Il faut aussi assurer la traçabilité des données de la facture qui transitent entre les différents acteurs de la réforme, par exemple en conservant les tables et processus de transcodage, voire les fichiers de mapping et de logs de transmission.
Combien de temps les pièces doivent-elles être conservées ?
Les factures doivent être archivées 10 ans selon le Code du commerce, 6 ans selon le droit fiscal. Cependant, pour d’autres besoins internes ou règlementaires, une entreprise peut décider de les conserver sur une période plus longue.
Qui archive ?
Il appartient à l’émetteur et au destinataire de la facture de s’assurer de l’archivage de l’ensemble des éléments liés à la facturation. Ils peuvent le faire soit en les collectant eux-mêmes, le cas échéant en s’appuyant sur un tiers-archiveur, soit en déléguant une partie de cet archivage à l’un des opérateurs de la chaîne de traitement. Dans ce dernier cas, il paraît logique de conserver les factures sur la plateforme utilisée pour émettre et recevoir les factures.
Pour décider des modalités de l’archivage il faudra prendre en compte les considérations suivantes :
- La facturation n’est souvent que l’un des éléments à produire pour justifier d’une affaire ou d’un processus.
- La plate-forme de facturation ne disposera pas, en général, de tous les éléments justificatifs de la facturation (par exemple ceux de la piste d’audit fiable, si c’est la voie de sécurisation retenue).
- L’archivage ne se résume pas à un simple stockage de données, et doit être conforme à l’article L102 B du Livres des Procédures fiscales, notamment pour le maintien de l’intégrité des éléments conservés.

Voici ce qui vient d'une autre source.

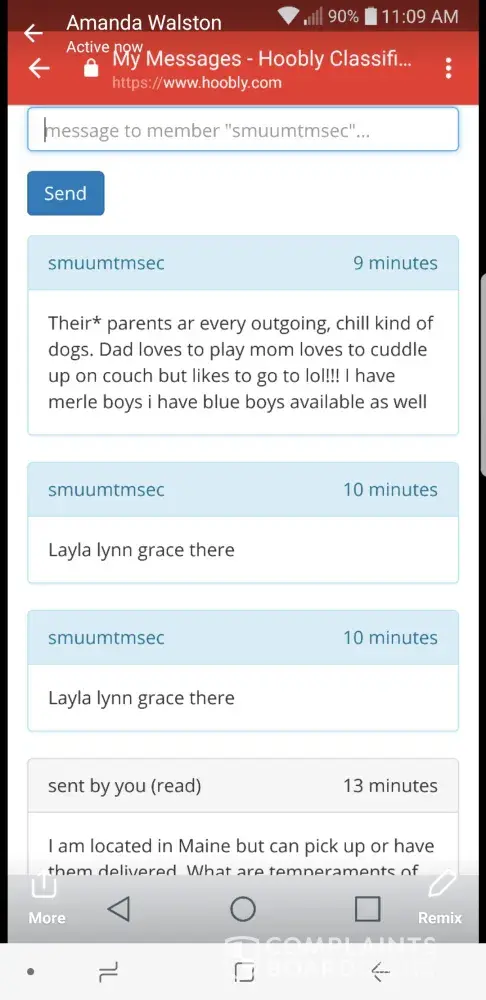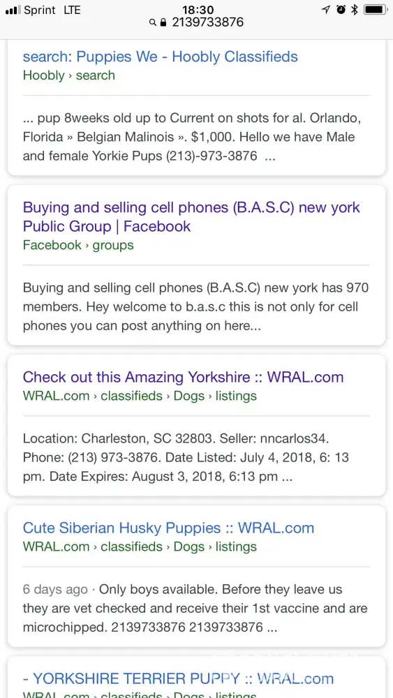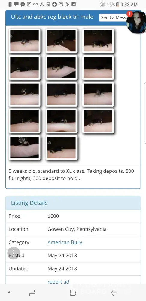 So, this seller is not in the location they are stating on hoobly, the grammar is really poor like they are not american, but also they say they are leaving in 3 days time to another state and most offload their puppies, but when you look at their seller history, they have over 10 current listings of dogs they are selling, all different breeds, so you know something is seriously not right.
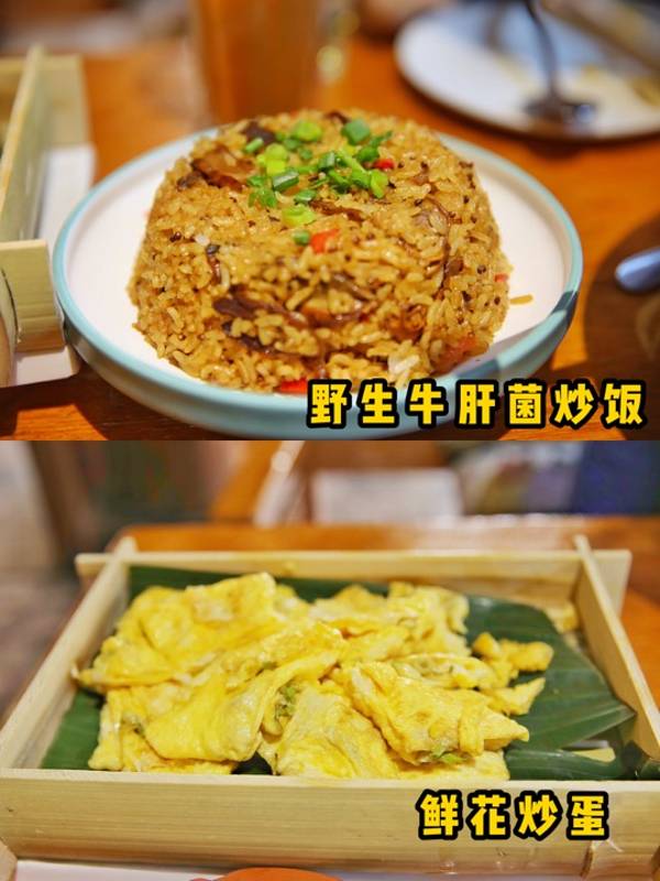 🍚野生黑松茸蛋炒饭:除了鸡蛋米饭,还有超多蚕豆,黑松茸的味道非常浓郁,可见店家用料之大方~

Il convient de s’assurer de la capacité du prestataire à maintenir l’intégrité, la disponibilité, la pérennité et la lisibilité de ses archives au fil du temps. Ainsi que sa capacité à assurer une correcte réversibilité des données en cas de besoin.
- Il faudra également s’assurer que la durée d’archivage du prestataire est compatible avec celle voulue par l’entreprise, si celle-ci s’écarte du standard habituel de 10 ans.
Que faut-il retenir de l’arrivée de la facture électronique ?
Cette réforme engendrera des modifications dans l’archivage des factures tel qu’il est pratiqué aujourd’hui.
L’entreprise devra veiller à :
- Archiver la facture et les différentes données ou documents nécessaires, en fonction de la voie de sécurisation choisie.
- Archiver les éléments de traçabilité (conversion, logs, mapping).
- Maintenir l’intégrité, la disponibilité, la pérennité et la lisibilité de ses archives au fil du temps.
L’entreprise doit également s’assurer que tous les acteurs opérant dans le flux de factures dématérialisées (ERP, PDP, OD, Tiers Archiveur) sont capables de répondre à ces préconisations.
Pour savoir ce qu’il faut mettre en place ou modifier dans les pratiques actuelles, il est donc primordial pour l’entreprise de bien connaitre ses partenaires et leurs capacités. Soit chaque acteur archive selon l’état de l’art sa partie (données, facture, logs, tables de mapping) et peut les restituer en cas de besoin. Soit l’entreprise centralise son archivage et veille à ce que les différents acteurs transmettent les éléments à archiver.
Certains points restent à étudier dans le cadre de la réforme, à savoir les conditions de l’archivage opéré par le Portail Public de Facturation, le respect du secret des affaires, l’impartialité des pièces fournies dans le cadre d’un contentieux fiscal, la responsabilité inhérente au Portail Public de Facturation et la distorsion de concurrence entre un archivage public gratuit et des offres d’archivage existantes sur le marché.
Il est donc primordial que les professionnels de l’information, archivistes et autres records managers, puissent se sentir légitimes à s’emparer de cette question dans la cadre la mise en place de ce type de projets au sein de leurs organisations respectives.
Fédération des Tiers de Confiance du numérique / CR2PA.